Data Analysis with Python Projects - Demographic Data Analyzer

Tell us what’s happening:

Describe your issue in detail here.

Your code so far

import pandas as pd

# Load the dataset
data = pd.read_csv('demographic_data.csv')  # Replace 'your_dataset.csv' with your dataset filename

# How many people of each race are represented in this dataset?
race_counts = data['race'].value_counts()

# What is the average age of men?
average_age_men = data[data['sex'] == 'Male']['age'].mean()

# What is the percentage of people who have a Bachelor's degree?
bachelors_percentage = (data['education'] == 'Bachelors').mean() * 100

# What percentage of people with advanced education make more than 50K?
advanced_education = data['education'].isin(['Bachelors', 'Masters', 'Doctorate'])
higher_education_rich = data[advanced_education & (data['salary'] == '>50K')].shape[0] / data[advanced_education].shape[0] * 100

# What percentage of people without advanced education make more than 50K?
lower_education_rich = data[~advanced_education & (data['salary'] == '>50K')].shape[0] / data[~advanced_education].shape[0] * 100

# What is the minimum number of hours a person works per week?
min_work_hours = data['hours-per-week'].min()

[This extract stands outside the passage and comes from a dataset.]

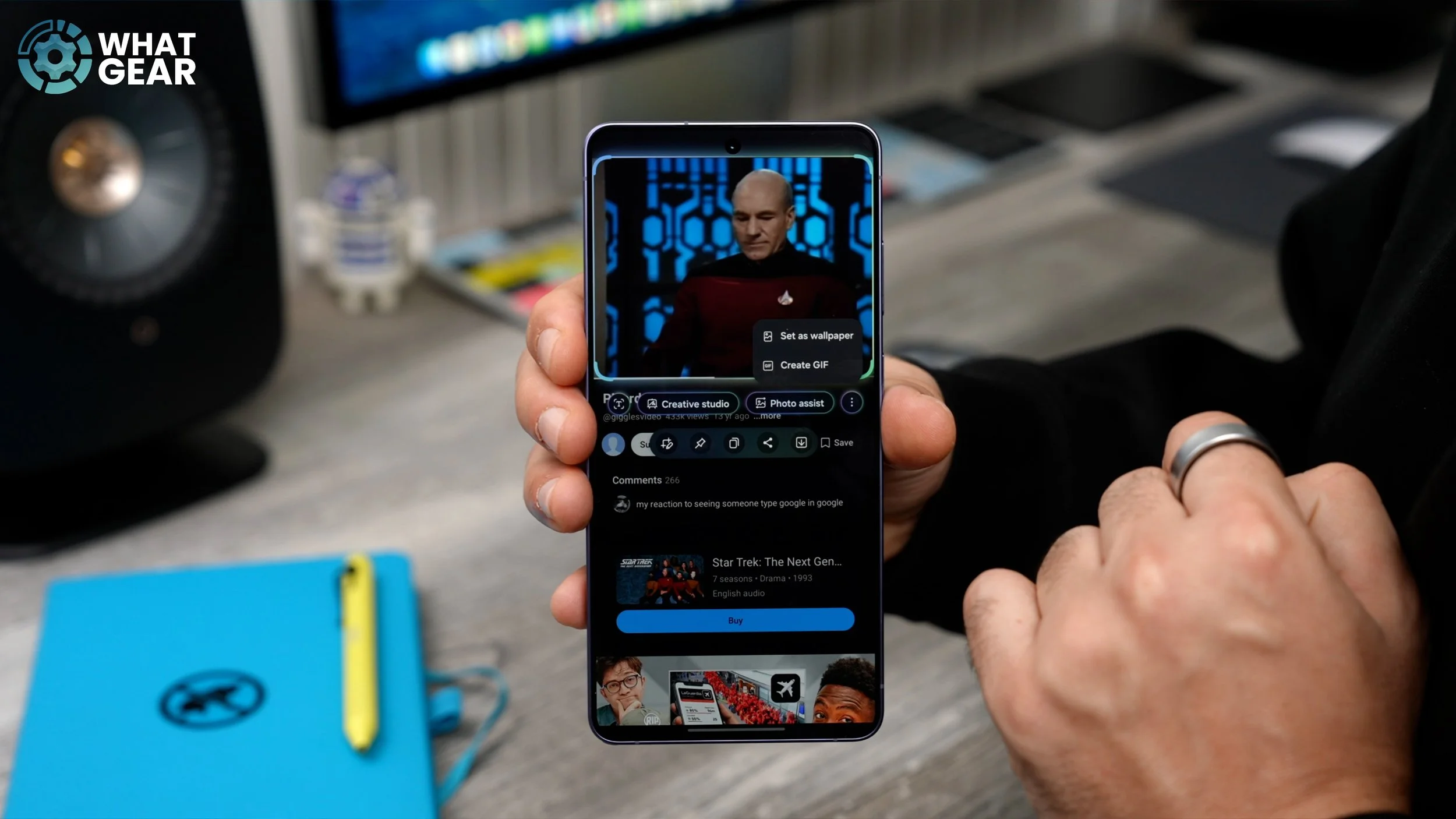 One of the most powerful, hidden, exclusive Samsung tools that not that many people know about is this. When you swipe out the sidebar, right at the top here is Samsung’s AI Select. So this is kind of a more advanced version of the Circle to Search tool, because it doesn’t just search for things — it can actually extract information and even create content. So let me show you how you can use it to create your own GIFs. So right here on YouTube, I’ve loaded up the classic Picard facepalm scene, and what I recommend you do is, when you load up a video you want to create a meme from, hit the little settings in the top right corner,go to More, and put it into loop. That way, the video keeps looping round and around. Now, once you’ve done that, here’s a little trick to access the AI Select tool much more quickly. See the sidebar? Instead of dragging it out and then tapping AI Select, what you can do is hold your finger down on the sidebar, and that automatically opens AI Select. If you tap the area that you want to capture, it will expand to that area.

# What percentage of the people who work the minimum number of hours per week have a salary of more than 50K?
num_min_workers = data[data['hours-per-week'] == min_work_hours]
rich_percentage = (num_min_workers[num_min_workers['salary'] == '>50K'].shape[0] / num_min_workers.shape[0]) * 100

# What country has the highest percentage of people that earn >50K and what is that percentage?
highest_earning_country = (data[data['salary'] == '>50K']['native-country'].value_counts() / data['native-country'].value_counts()).idxmax()
highest_earning_country_percentage = (data[(data['native-country'] == highest_earning_country) & (data['salary'] == '>50K')].shape[0] / data[data['native-country'] == highest_earning_country].shape[0]) * 100

# Identify the most popular occupation for those who earn >50K in India.
top_IN_occupation = data[(data['native-country'] == 'India') & (data['salary'] == '>50K')]['occupation'].value_counts().idxmax()

# Displaying the results
print("Race counts:")
print(race_counts)
print("\nAverage age of men:", round(average_age_men, 1))
print("\nPercentage of people with Bachelor's degree:", round(bachelors_percentage, 1))
print("\nPercentage of people with advanced education earning >50K:", round(higher_education_rich, 1))
print("\nPercentage of people without advanced education earning >50K:", round(lower_education_rich, 1))
print("\nMinimum number of hours worked per week:", min_work_hours)
print("\nPercentage of people working min hours per week earning >50K:", round(rich_percentage, 1))
print("\nCountry with the highest percentage earning >50K:", highest_earning_country)
print("Percentage:", round(highest_earning_country_percentage, 1))
print("\nMost popular occupation for >50K earners in India:", top_IN_occupation)

Your browser information:

User Agent is: Mozilla/5.0 (Windows NT 10.0; Win64; x64) AppleWebKit/537.36 (KHTML, like Gecko) Chrome/120.0.0.0 Safari/537.36

Challenge Information:

Data Analysis with Python Projects - Demographic Data Analyzer

###Replit Link For Helping Out
https://replit.com/join/acrieunwgo-smrutiparida

You appear to have created this post without editing the template. Please edit your post to Tell us what’s happening in your own words.

We see you have posted some code but did you have a question?

(You have not filled out the “Tell us what’s happening:” field above)

This topic was automatically closed 182 days after the last reply. New replies are no longer allowed.